Jalmenus eubulus

Scientific classification
- Domain: Eukaryota
- Kingdom: Animalia
- Phylum: Arthropoda
- Class: Insecta
- Order: Lepidoptera
- Family: Lycaenidae
- Tribe: Zesiini
- Genus: Jalmenus
- Species: J. eubulus
- Binomial name: Jalmenus eubulus Miskin, 1876
- Synonyms: Ialmenus eubulus Miskin, 1876;

= Jalmenus eubulus =

- Genus: Jalmenus
- Species: eubulus
- Authority: Miskin, 1876
- Synonyms: Ialmenus eubulus Miskin, 1876

Species of butterfly

Jalmenus eubulus (common name Pale imperial hairstreak) is a butterfly of the family Lycaenidae. It is found in the Australian states of New South Wales and Queensland, in the Murray-Darling basin. It was first described in 1876 by William Henry Miskin.

It was formerly considered to be a subspecies of Jalmenus evagoras (Jalmenus evagoras eubulus Miskin, 1876)

In 2021, it was considered likely to be extinct by 2040 with a 42% probability.
It is considered a vulnerable species in Queensland, and a critically threatened species in New South Wales.
==Description==
Miskin's original description:Upperside: pearly white, with slightly opalescent hues. Primaries: With costa, apex and outer margin widely dark brown; small black transverse line at termination of cell. Secondaries: with the veins brown; outer margin narrowly bordered with brown, gradually decreasing to apex; a submarginal line of white from apical to anal angle; second and third median branches terminating in well developed tails; the first median and submedian forming points but not extended; between the two tails a large crescent of orange surmounting black border, and in the angle a patch of orange; between the orange patches black crowned with white, and above all a faint margin of brown.

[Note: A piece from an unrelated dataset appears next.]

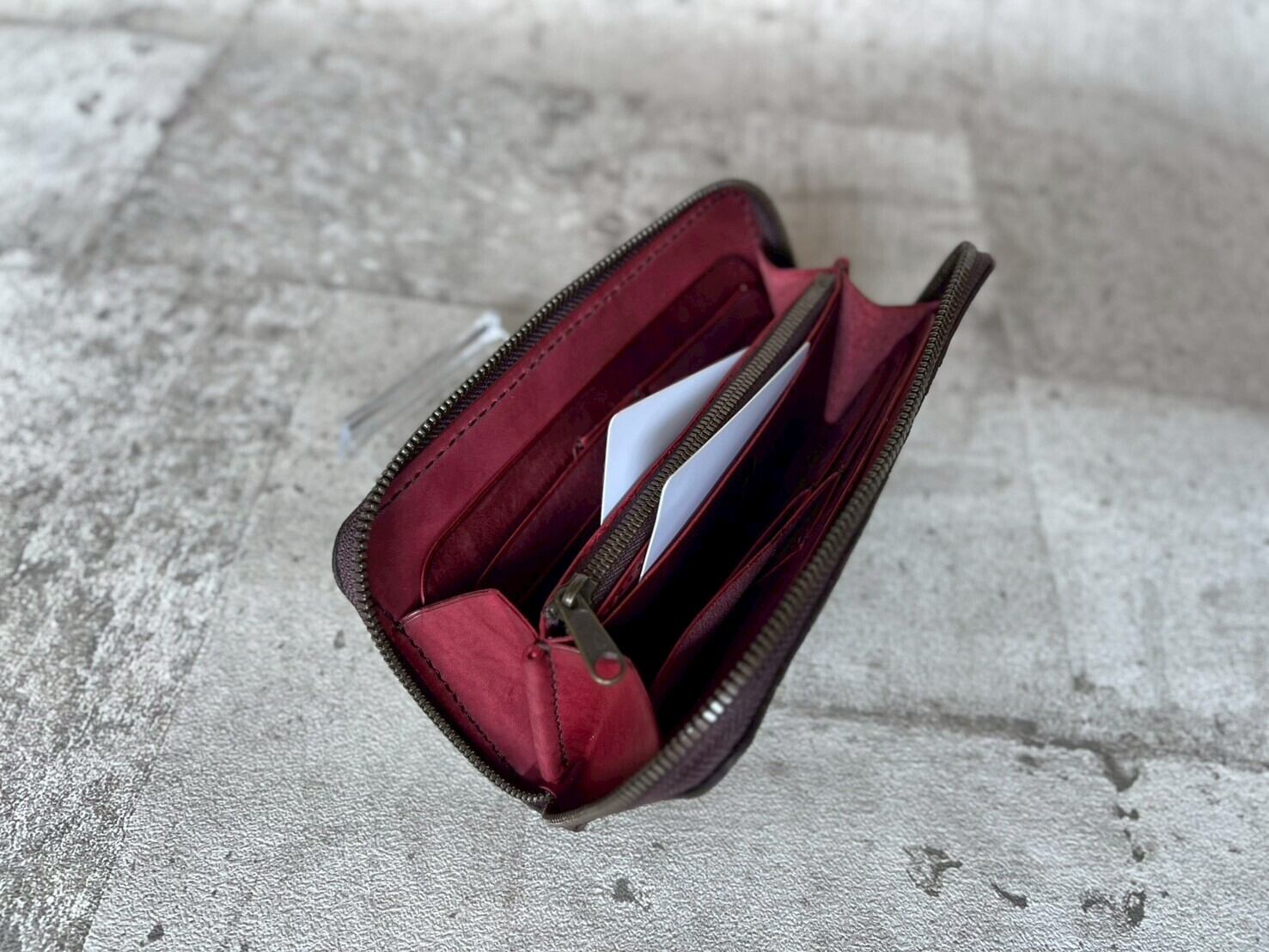 内装は、上質な国産の牛ヌメ革を使用し、時間と共に深まるエイジングも楽しめます。

Underside: greyish-white. Primaries: with outer edge of Aving dark brown; a marginal band of pale brown or fawn colour; an inner line of faint brown; a transverse interrupted streak of dark brown; three short discal streaks within cell. Secondaries: With edge, band, and transverse streak, as in primaries, the latter being elbowed twice, opposite the tails; a dark speck near base; a short dark streak in cell, one near costa, a longer one at termination of cell; orange spots as on upper side, but rather larger.

Thorax and abdomen: upperside dark grey; underside light grey.